Polygon, the operator of an eponymous protocol used by developers to make Ethereum transactions quicker and cheaper, raised $450 million by selling its Matic crypto token to investors led by Sequoia Capital India.

SoftBank Group Corp.’s Vision Fund 2, Mike Novogratz’s Galaxy Digital, Tiger Global, Alexis Ohanian and Animoca Brands Corp. were among more than 40 investors participating in the funding. Polygon’s token, capped at 10 billion units, is the closest analog to holding equity in the protocol. Matic traded at a high of $1.94, according to data from CoinGecko.

Polygon is one of a number of so-called Layer 2 operators, offering tools for developers who want to create decentralized apps (or dapps) and tackling the issue of network congestion, which is a growing problem on Ethereum as its popularity rises. The cost of gas fees, charged to execute any minting or trading on Ethereum, has skyrocketed in recent times, increasing interest in Layer 2 protocols that work by taking transactions from Ethereum, compressing them and posting them back to the original chain at a fraction of the time and cost. Polygon is competing with rivals such as Arbitrum, Loopring, Optimism and StarkWare to serve that demand. It takes a small protocol fee each time it’s used.

Polygon says its protocol now has 7,000 dapps, more than 130 million unique users, over 3 million daily transactions and in excess of 3.4 billion transactions since the company’s founding in 2017. It acquired another startup, Predicate Labs, in December as part of a $1 billion push into accelerating development of faster cryptography solutions that would allow it to accommodate greater scale.

NBA star Steph Curry minted his first non-fungible token — digital basketball shoes commemorating his 3-point record — on the Polygon network in December. Polygon also powered luxury brand Dolce & Gabbana’s NFT auction last year.
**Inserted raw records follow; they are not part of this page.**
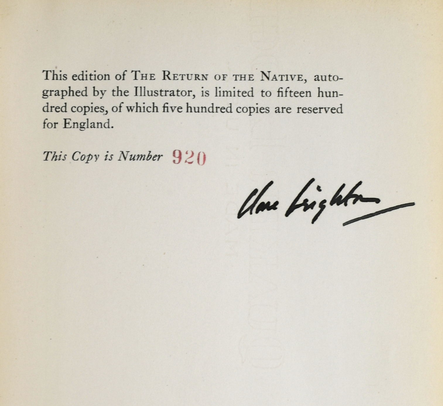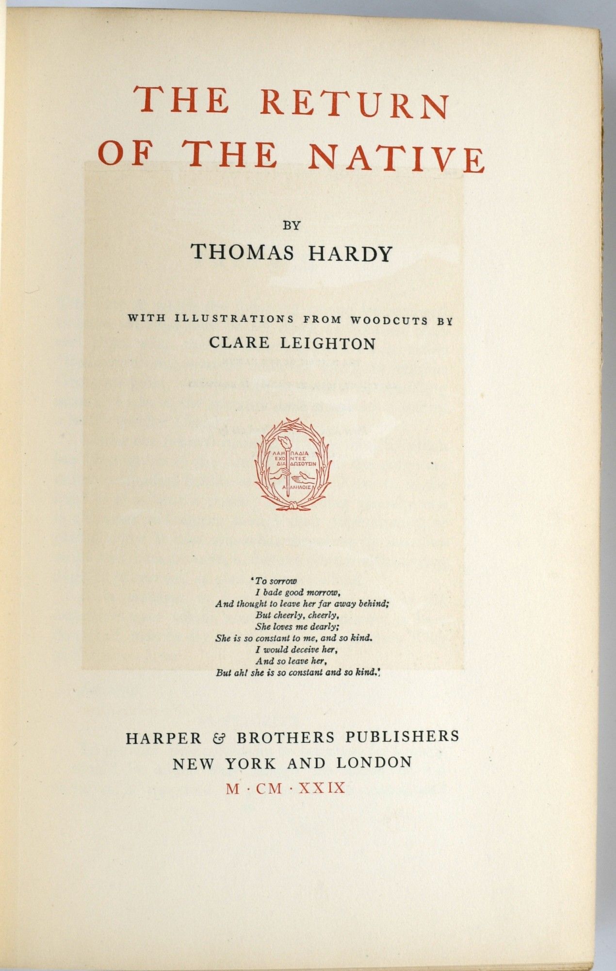New York & London: Harper & Brothers Publishers, 1929. Limited Edition. Hard Cover. Very Good binding/Very Good dust jacket. Signed. 8vo; in the publisher's blue paper-covered boards, backed in linen; with paper spine lable, with dustjacket, and with the original glassine wrapper; x, xi-xiii; [2], 3-484, [485]; with 12 tipped in woodcuts and with numerous textual illustrations; the edition is limited to 1500 copies, of which this is #920, signed by the illustrator, Clare Leighton.~~This copy also inscribed by illustrator Clare Leighton to her then lover, Henry Noel Brailsford. Ms. Leighton provided the woodcut frontispiece and decorations for this book. Noel Brailsford is considered to be the most prolific British left-wing journalist of the first half of the 20th century, and was one of the founders of the Men's League for Women's Suffage [see wiki]. Mr. Brailslford and Clare Leighton lived together for nearly a decade starting in 1928; he was still married to his first wife, and she denied him a divorce. In 1939 Ms. Leighton left England to reside permanently in the United State; she never married.~~The presentation from Clare Leighton: "To Noel who with the third Rasoumowsky and Tadnol [sic] helped be to do this. C. L. New York February 1929". Very Good binding / Very Good dust jacket.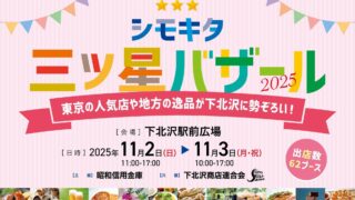 シモキタ三ツ星バザール2025:各地の銘品が下北沢に勢ぞろい、11月2日(日)、3日(月・祝)に開催!! ニュースの要約 11月2日(日)、3日(月・祝)の2日間にわたり「シモキタ三ツ星バザール2025」が開催される 下北沢の人気店や地方の特産品が一堂に集まる大イベント 来場者全員に粗品プレゼントなど、様々な企画も実施予定概要昭和信用金庫... ニュース: 2025.10.25 ニュース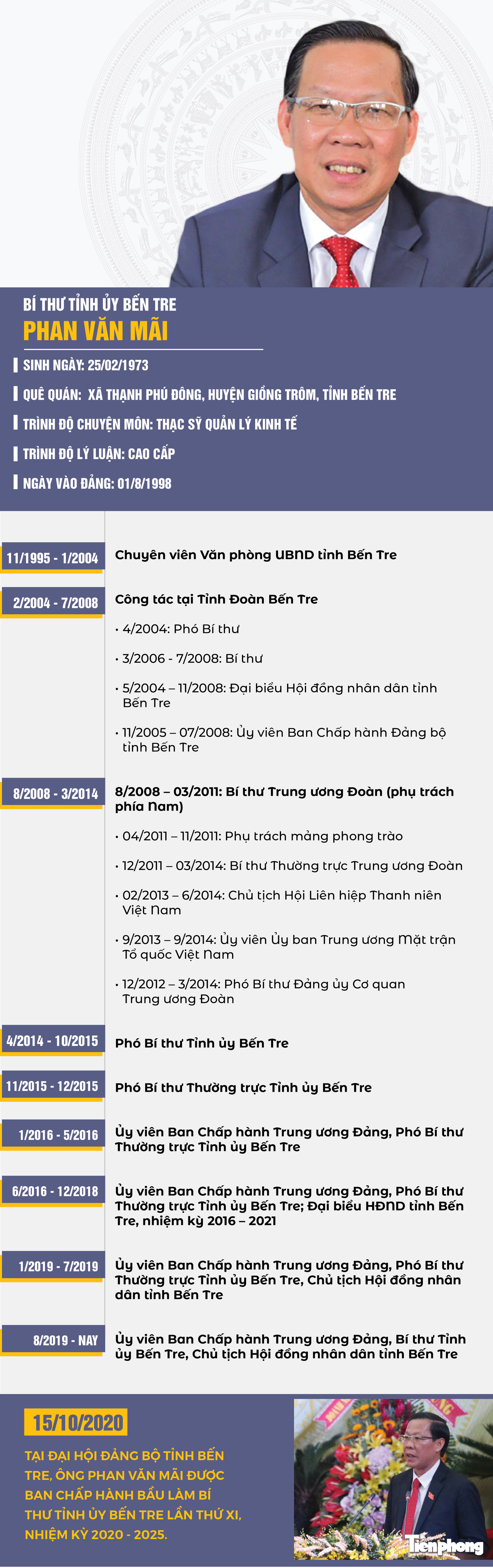 TPO - Ngày 15/10/2020, tại Đại hội Đảng bộ tỉnh Bến Tre, ông Phan Văn Mãi, Bí thư Tỉnh ủy được Ban chấp hành bầu làm Bí thư Tỉnh ủy Bến Tre lần thứ XI, nhiệm kỳ 2020 - 2025.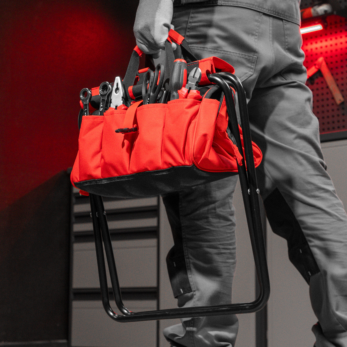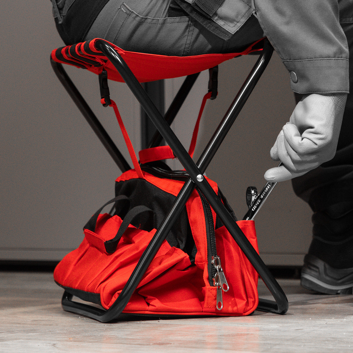 - Многофункциональность — складной стул комплектуется сумкой с вместительным основным отделением и большим количеством карманов, в которых поместятся все необходимые инструменты.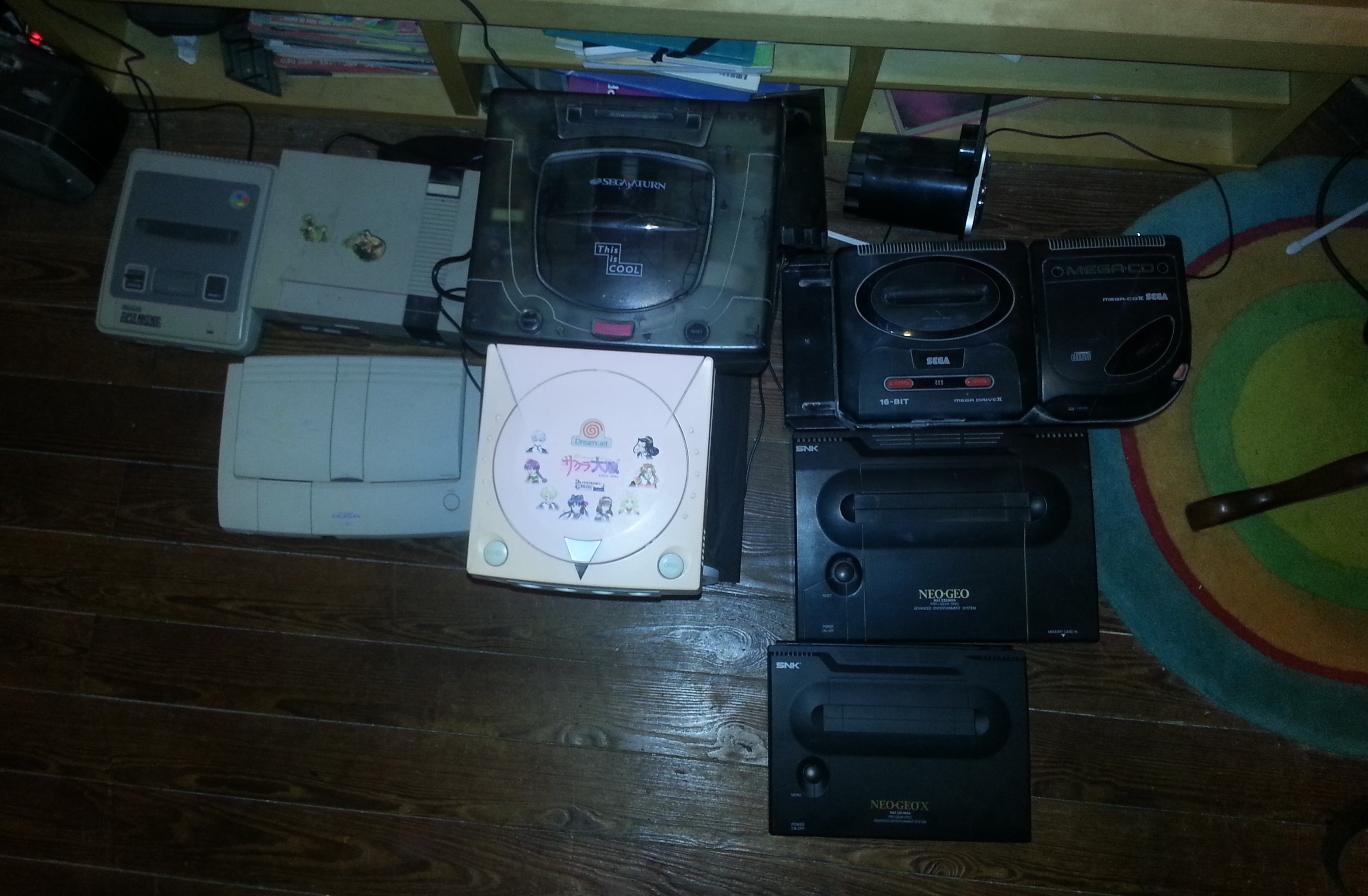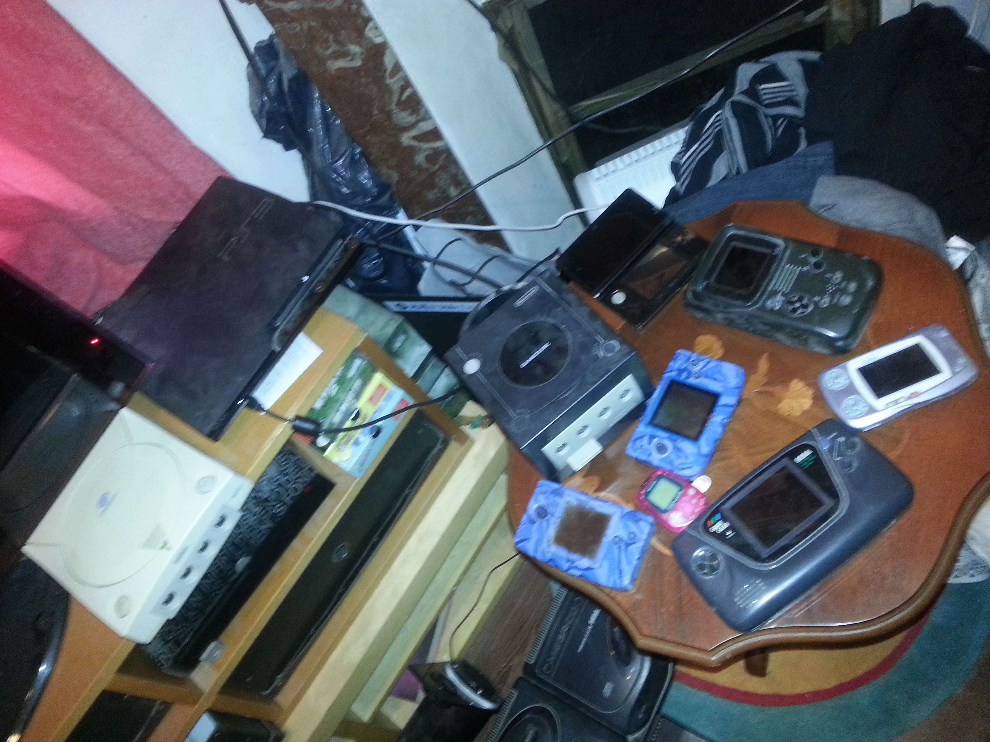 moi perso j'ai une ps1 et une ps2 au grenier mais plus ma x360 et la ps3 donc ça sert à rien de faire une photo. Sinon ça se voit que tu as quelques années d'accumulation là ;) .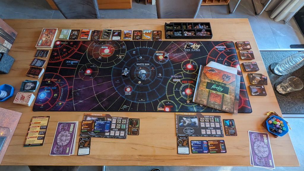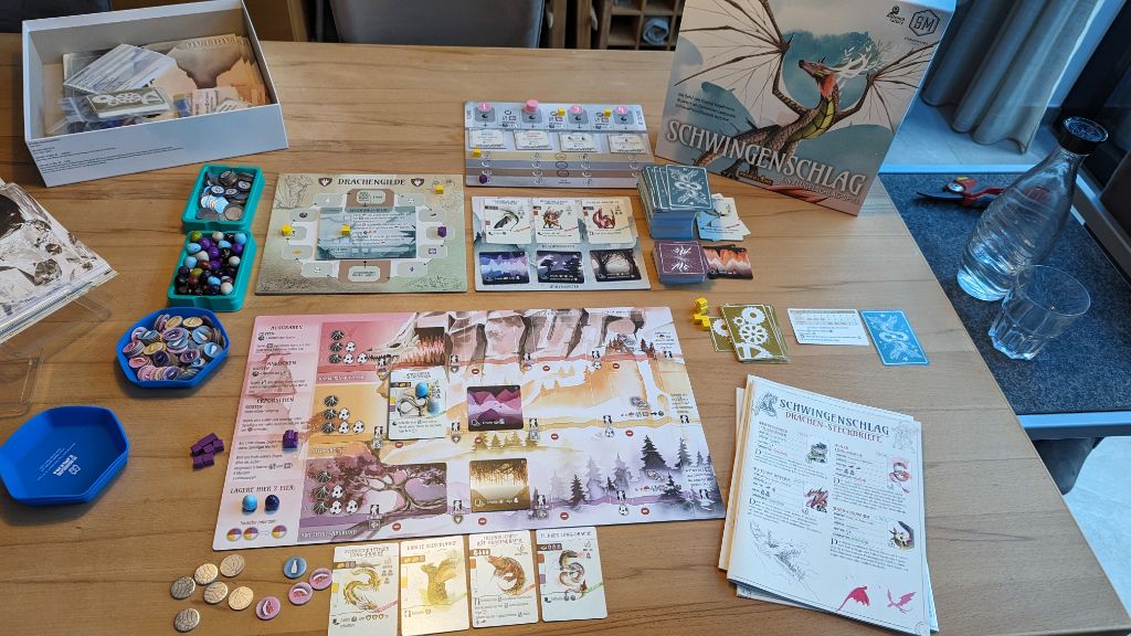 Aliens: Bug Hunt, a pretty light dice rolling game, but it’s fun. You have a squad of three people, and have to explore the map by adding tiles and defeating aliens. We just managed to win, it was pretty tight.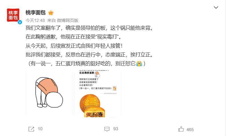 5日,桃李面包官方微博賬號就此事發文道歉稱:“我們文案翻車了,確實是領導拍的板,這個鍋只能他來背。在此鞠躬道歉,他現在正在接受‘現實毒打’。從今天起,后續宣發正式由我們年輕人接管!批評我們都接受,反思也在進行中,態度端正,挨打立正。”

“One of the reasons for this funding was to get institutional visibility in the U.S.,” co-founder Sandeep Nailwal said in an interview, citing the participation of Third Point and Accel. The company also wanted more exposure among gaming-focused funds, such as Animoca and Makers Fund. It has an annual run rate of $100 million of protocol fees, which holders of the Matic token can benefit from if they run a validator node for transactions. The funding includes a three-year lockup, with a third of tokens freed to be traded after each year. 

The new money will be used to provide “burn rate for three to five years” for six project teams, ranging across India, Serbia, Switzerland, the U.K. and the U.S. Polygon is budgeting $10 million for each per year and committing $100 million of the new raise to an ecosystem fund, to be spent on helping developers building on the protocol, according to Nailwal.

As more dapps are developed and applications like NFTs and decentralized finance grow, Polygon wants to serve as the toolkit for creators, much as Amazon Web Services provides back-end support for websites today, Nailwal said.

“There’s a digital Mars being created and we are building the infrastructure of that digital Mars,” he said.